Comparing the performance of health systems is a persistent challenge in several streams of literature13,17,18. With the COVID-19 pandemic, the need for systematic approaches to assess and benchmark national health systems (NHCS) performance has become even more pressing10. The global nature of the pandemic provides a unique context for comparing NHCS responses facing almost the same disruption simultaneously.

Our study compares the responses of NHCSs from 37 member countries of the Organization for Economic Co-operation and Development (OECD), driven by the availability of reliable data. We acknowledge that data from other countries may be less readily available or trustworthy, and contextual differences can introduce further complications. For example, populations in different countries may be vulnerable to COVID-19, with front-line healthcare workers at a higher risk of infection26. Additionally, demographic groups such as women have lower infection and mortality rates than men27. The mean age of death due to COVID-19 is around 82 years28,29,30, and pre-existing comorbidities are associated with higher mortality rates31,32,33,34. Furthermore, populations with higher vulnerability to COVID-19 are reported to require more intensive care29 and experience higher mortality rates28.

Our work builds on existing literature evaluating NHCS, which typically considers three main performance criteria: access to healthcare services, quality of care, and efficiency (cost)35,36. However, there needs to be more clarity regarding the definition of these domains, how they overlap, and how they relate to critical health system objectives15,16,37. Additionally, the distribution of performance objectives across different population groups adds complexity to evaluating healthcare performance38.

Two primary methodological approaches have been used to assess NHCS efficiency.

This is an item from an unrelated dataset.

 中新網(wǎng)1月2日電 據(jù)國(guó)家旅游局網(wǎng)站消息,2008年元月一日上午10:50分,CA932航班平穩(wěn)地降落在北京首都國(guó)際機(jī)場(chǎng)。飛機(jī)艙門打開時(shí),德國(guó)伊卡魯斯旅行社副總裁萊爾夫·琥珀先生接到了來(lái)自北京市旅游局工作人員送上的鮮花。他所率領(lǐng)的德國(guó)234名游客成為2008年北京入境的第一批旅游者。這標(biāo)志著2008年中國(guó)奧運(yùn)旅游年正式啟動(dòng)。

The first is the ratio analysis approach, based on individual partial indicators often developed as ratios to provide different levels of efficiency39,40. This approach can lead to conflicting results due to the need to calculate multiple ratios to capture various performance dimensions41. The second approach uses non-parametric econometric techniques like DEA, which computes a comprehensive efficiency index42,43,44,45. Our work is grounded in this second stream, as DEA has been widely used to assess the relative performance of healthcare organizations and identify ways to improve their efficiency46. For example, DEA has been applied to estimate the technical efficiency of hospitals in Turkey47, assess healthcare center performance17, evaluate health insurance reform in China48, and measure the efficiency of rural hospitals in Missouri49. DEA has also been used to assess the performance of healthcare systems during the COVID-19 pandemic19,50,51,52,53,54,55.

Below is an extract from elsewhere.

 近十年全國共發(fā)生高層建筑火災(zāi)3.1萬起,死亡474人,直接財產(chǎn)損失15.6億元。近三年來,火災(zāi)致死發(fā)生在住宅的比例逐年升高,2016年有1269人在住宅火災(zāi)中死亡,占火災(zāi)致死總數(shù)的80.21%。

Comparing NHCS responses to COVID-19 is a multi-criteria problem, requiring consideration of multiple performance dimensions. Multiple criteria decision analysis (MCDA) addresses complex decision-making problems involving conflicting and non-commensurable evaluations56,57,58. Most MCDA methods construct representations in the preference space and use different preference aggregation procedures to synthesize partial preference structures into an aggregated preference structure59,60. However, the comparison of NHCS does not fit within traditional MCDA literature56,57,61 for several reasons: there is no single decision-maker guiding the analysis, the output is not a traditional decision problem, and it is crucial to capture the dynamics of NHCS performance over time.

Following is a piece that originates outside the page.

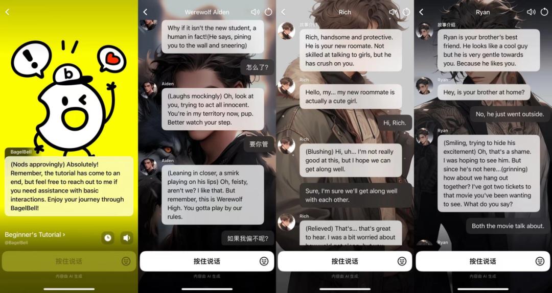 这也是 BagelBell 与 Talkie/星野等产品的一个差异,场景的变换、以及更多人物的加入会让用户在对话和推进的过程中更有动力。

No existing method combines longitudinal DEA and fuzzy clustering to create a qualitative, bi-criteria decision analysis framework for comparing NHCS responses to the COVID-19 pandemic. Our approach addresses this gap by providing a comprehensive and dynamic NHCS performance and efficiency assessment.

Methodology: qualitative bi-criteria approach for the comparison of NHCS

We present a novel visual and qualitative bi-criteria method for comparing the dynamic responses of national healthcare systems (NHCSs) to the COVID-19 pandemic. To address the challenges inherent in such comparisons, we propose a conceptual model of an NHCS, illustrated in Fig. 2. This model encapsulates the fundamental structural components of the behavioural and ecological model of health services, positioning the NHCS as a core element of the national health system. It comprises four interdependent, integrated, and dynamic components: (1) governance of the national health system, (2) public health, (3) NHCS, and (4) outcome management (accountability).

Figure 2
figure 2

Conceptual model of an NHCS in response to the COVID-19 pandemic.

The model posits that national governance, encompassing public health strategy, ecosystem, leadership, partnerships, investment, supply chain, and information management, defines public health policies, programs, and actions while managing funding, risk, and accountability62. Public health then formulates, adapts, and enforces policies to contain the virus, improve population immunization, and enhance testing and tracing efforts. Concurrently, national governance directs the NHCS’s preparedness and response to the pandemic.

The model further suggests that the complex interactions between social and environmental factors—such as predispositions, behaviours, and needs—and the virus’s spread influence the severity of cases managed by the NHCS. It builds on the premise that various public health factors moderate the impact of the virus on population health and access to healthcare resources63. In response to the COVID-19 outbreak, we conceptualize an NHCS as a collection of institutions tasked with restoring and preserving health. The primary capabilities of an NHCS in responding to COVID-19 include providing access to acute and long-term care and protecting frontline workers.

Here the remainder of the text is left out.